War Brought Misery to Iraqi Town

Hadani Ditmars

 

San Francisco Chronicle February 15th, 2002



http://www.sfgate.com/cgibin/article.cgi?f=/chronicle/archive/2002/02/15/MN10714.DTL

Basra, Iraq -- The view from the Basra Sheraton would be downright romantic
if it weren't for the statues of dead Iraqi pilots pointing accusingly
across the bay at Iran.

The latticed windows reveal a scene of ships and fishermen, palm trees and
sea promenades that could easily convince one that this ruined city is still
the beautiful resort town it once was.

But underneath the charming visual surface lie tales that would chill the
bones of any tourist. Iraq's wealthiest and most exotic city before the
Iran- Iraq and Gulf wars, Basra today bears the scars of two decades of
warfare.

With its sewage, water treatment and electrical facilities heavily bombed
during the Gulf War, Basra's canal system is a huge sprawl of raw filth
mixed with muddy rain waters. Those waters spawn diseases that are the prime
factor in the city's high infant mortality rate.

Because of the lack of maintenance and the absence of new investments,
Iraq's drinking water supply systems and sewage evacuation networks have
constantly deteriorated since the end of the Gulf War. In many areas they
have broken down completely.

The Red Cross has made an admirable effort to repair Basra's central Hamdan
sewage treatment facility. But contracts to obtain the needed spare parts
have often been subjected to "holds" under the terms of the United Nations'
"oil for food" humanitarian program, slowing progress to a crawl.

If the water doesn't get you here, the depleted uranium (DU) might. An
estimated 300 tons of the stuff -- a heavy metal used in armor-piercing
munitions that is a less radioactive byproduct of natural uranium -- was
dropped on Iraq during the Gulf War.

No conclusive link has been established between DU exposure and cancer, and
radiation testing equipment needed for recording proper data on DU poisoning
is unavailable in Iraq because of the international sanctions.

But physicians at the Basra Maternity and Pediatrics Hospital have kept
shocking photographic records of what they say are the effects of inhaling
or ingesting DU contaminated dust.

In his sunlight-flooded office, hospital director Amr Issa al-Jabari
graciously offers tea and then pulls out a book of photographs of "monster
babies" -- some born without brains, or with their intestines outside their
bodies, or with their nose where their eyes should be.

"We have experienced seven times the normal number of birth defects and
pediatric cancers since the end of the Gulf War," he said.

Seated beneath a idyllic pre-war photo of Basra's waterfront, al-Jabari
explained the theory of "radiation transference," or how radiation is spread
by wind.

Since DU, also known as Uranium-238, has a half-life estimated at over 4
billion years, the Basra area may be fighting poison virtually until the end
of time.

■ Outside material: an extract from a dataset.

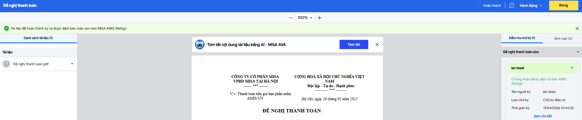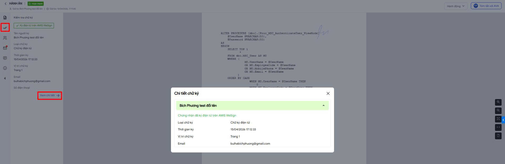 • Hướng dẫn kiểm tra tính hợp lệ của chữ ký số trên AMIS WeSign khi xem trên phần mềm và email.
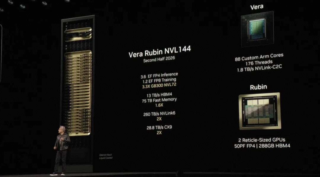 在 AI 芯片领域,英伟达从未掩饰其 “军备竞赛” 的姿态。此次 GTC,黄仁勋祭出了 Blackwell Ultra 与 Vera Rubin 两代架构的 “组合拳”,直指行业痛点:推理算力需求正以指数级爆炸。Blackwell Ultra 的核心突破在于 “液冷 + 硅光子” 的协同进化。基于 5nm 工艺,单颗芯片集成 288GB HBM3e 显存,FP4 算力达 15 PetaFLOPS,而 72 颗 GPU 组成的 NVLink 72 机柜系统,推理速度较上一代 Hopper 架构飙升 40 倍。更关键的是,英伟达将液冷技术推向机架级,通过浸没式相变冷却,使单机柜算力密度突破 1 ExaFLOPS,同时降低 30% 能耗。这种 “暴力美学” 背后,是应对 Agentic AI 时代 token 吞吐量需求的终极方案。

Even the palm trees suffer from mysterious diseases from the
pollution and a sanctions-related lack of pesticides.

"This is not just a local problem," al-Jabari added. "The border areas in
Saudi Arabia and Kuwait were also affected by the bombing."

He is convinced that authorities in those countries are deliberately
suppressing DU-related health statistics for political gain. "How would it
look if they point the finger at their ally -- the U.S.?"

His voice rising to an emotional pitch of indignation, al-Jabari added,
"What about all the American servicemen who are suffering from DU
poisoning?"

DU poisoning is often cited as a possible cause of the mysterious malady
known as Gulf War syndrome, which afflicts an estimated 100,000 American
veterans.

Jinan Ghalib, the hospital's specialist in pediatric cancer, arrived to lead
a tour of her wards.

She is a petite woman with a pretty face, but her voice was a low monotone
as she recited in near-automatic fashion a list of the cancer-treating drugs
the hospital lacks. Her clinical tone might have reflected either stringent
training or a kind of moral exhaustion.

"We have fewer drugs available this year than we had last year," Ghalib
said. "But the real problem is that we don't have consistency, so that a
patient may not have a full course of, say, antibiotics or other drugs, and
therefore will not heal properly with an incomplete course."

She blamed the oil-for-food program, which comes up for renewal every six
months and thus shortens the length of medical supply contracts to that
span. A patient with high blood pressure, for example, must switch to a new
medication every half year.

Many families sell their last remaining possessions to pay for medicine that
will only have a limited effect.

Ghalib moved on to a ward where a young mother held her baby -- 42-day-old
Ali, who is swathed in blankets and tubes and hooked up to an oxygen tank.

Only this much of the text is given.